Summer’s over, technically. It seemed a vast slow-ripening season of wonder and recovery, stretching out from May to as far as the eye could see. Not till August did I feel it aging, and grab it with both hands.
We were out at the lake, ([10. The north end of Damariscotta Lake.]) visiting friends. I felt hemmed in, resisting and then relenting to the urge to swim away into oblivion. The sounds of shore faded, the deep darkened, and I was alone with the sky.
I swam for about three hours. I thought “I could die out here”, but I knew I wouldn’t. Emotional tension was erased by exertion and then hunger. I returned cured, ate and ached well.

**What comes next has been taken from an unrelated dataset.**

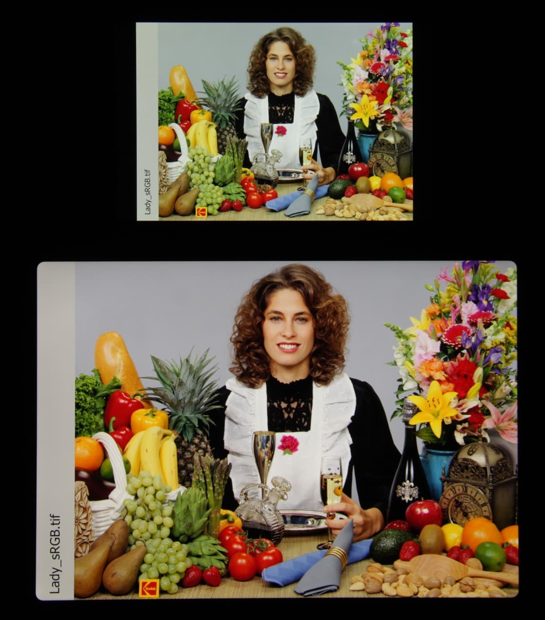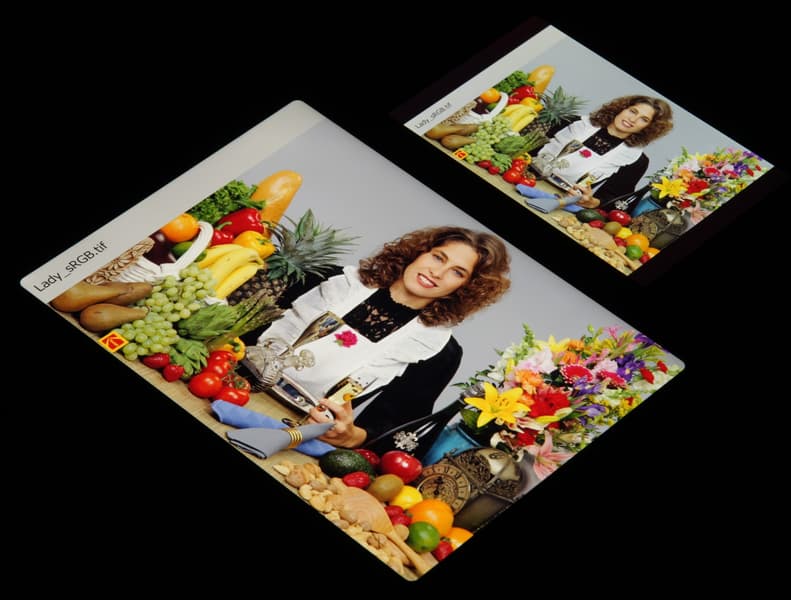 Это относится к тем изображениям, в которых прописан профиль sRGB или не прописано вообще никакого профиля. Родным же для топовых современных устройств Apple является цветовое пространство Display P3 с более насыщенными зеленым и красным цветами. Пространство Display P3 основано на SMPTE DCI-P3, но имеет точку белого D65 и гамма-кривую с показателем примерно 2,2. Кроме того, производитель заявляет, что начиная с iOS 9.3 на системном уровне поддерживается управление цветом, это облегчает приложениям под iOS задачу правильно выводить на экран изображения с прописанным цветовым профилем. Действительно, дополнив тестовые изображения (файлы JPG и PNG) профилем Display P3, мы получили цветовой охват шире sRGB (вывод в Safari):

For weeks I yearned to be in or on the water, swimming, then snorkeling, then kayaking, then windsurfing — pushing myself into places that pushed back. ([20. I also sailed a dinghy on the deliciously lonely Tunk Lake, by myself one afternoon for several hours. It scratched an old sailing itch and finally proved a great number of nautical fantasies feasible. I felt at the time, and no less so now, “this is as good as it gets”.]) I paddled around Peaks Island in the wake of a hurricane, fighting five-foot seas and better advice. ([30. A “small craft advisory” was in effect as Hurricane Katia moved up the coast.]). I climbed on and fell off the sailboard, again and again, and drifted, until I was exhausted. Until I got it, and got home, because there was no other choice. ([40. A “sailboard” is what one uses for “windsurfing”. I like the generic terminology since “Windsurf” was once a brand name, and because I’d rather sail than surf. And “this is my sailboard” sounds better than “this is my board, which looks like a surfboard but is actually for windsurfing, er, sailing, in my case”.])

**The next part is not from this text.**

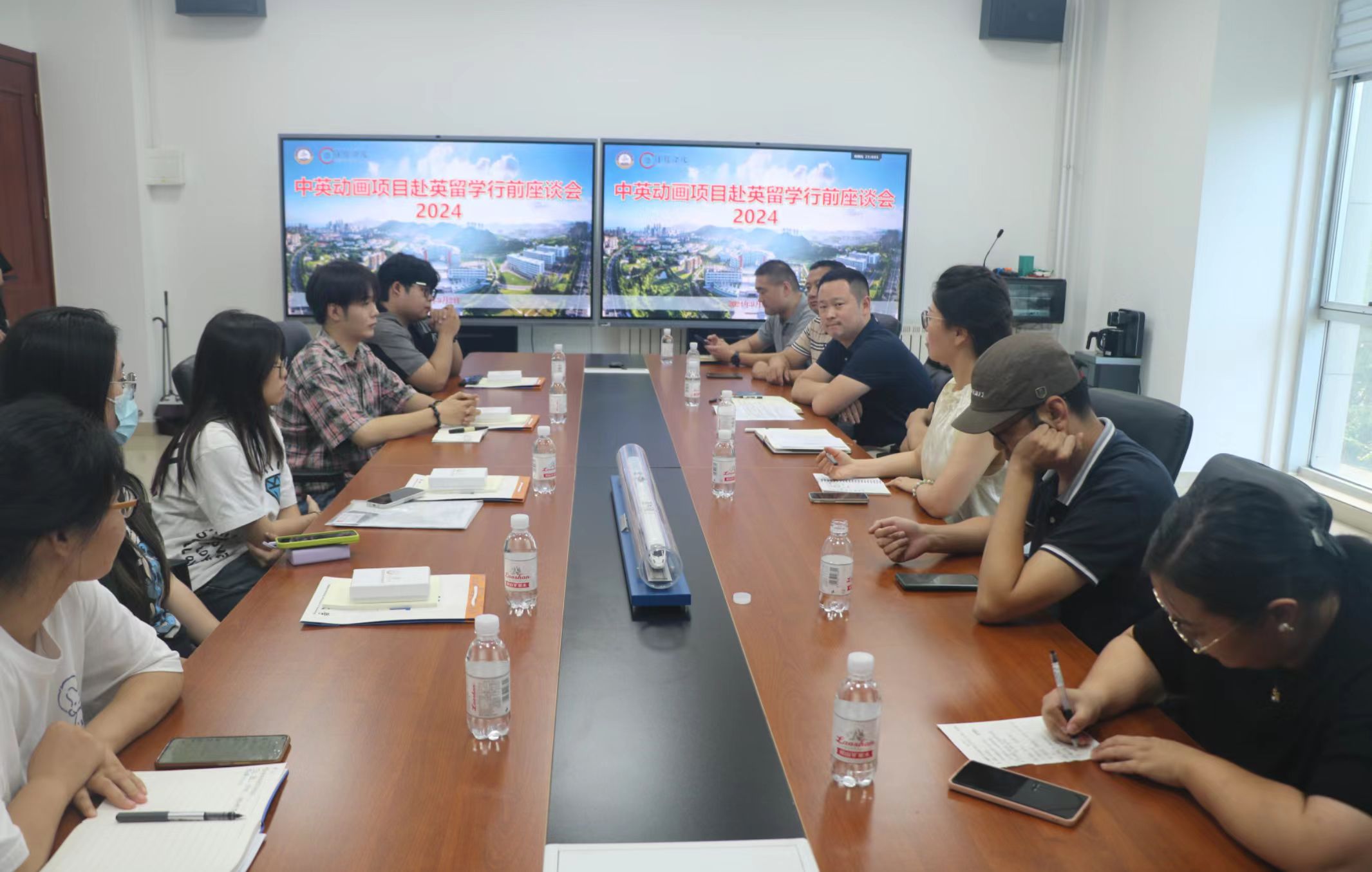 副院长石晨旭、动画系主任陈墨白、副主任徐克彬、中外合作办公室主任刘勇、2021级辅导员金莹莹、动画系讲师陈璐、上海学领教育集团(青岛)王铭,及2021级动画(中英)赴英留学生参加了会议。交流会由做爱电影

And I dropped about $5K for these late-summer flings: a mid-life crisis and retirement rolled into one, for a weekend warrior with no week. Six months ago I was too depressed — or stuck in my routine, or bound by expired fantasies — to consider such adventures. Are they more than a distraction now?
Today I’m jolted and unbalanced like a radio out of tune — queasy after five days of 340 mg Temodar, and likely missing a dose or two of anti-depressants after drowning my iPhone and its daily alarms in the corrosive salt water of Casco Bay.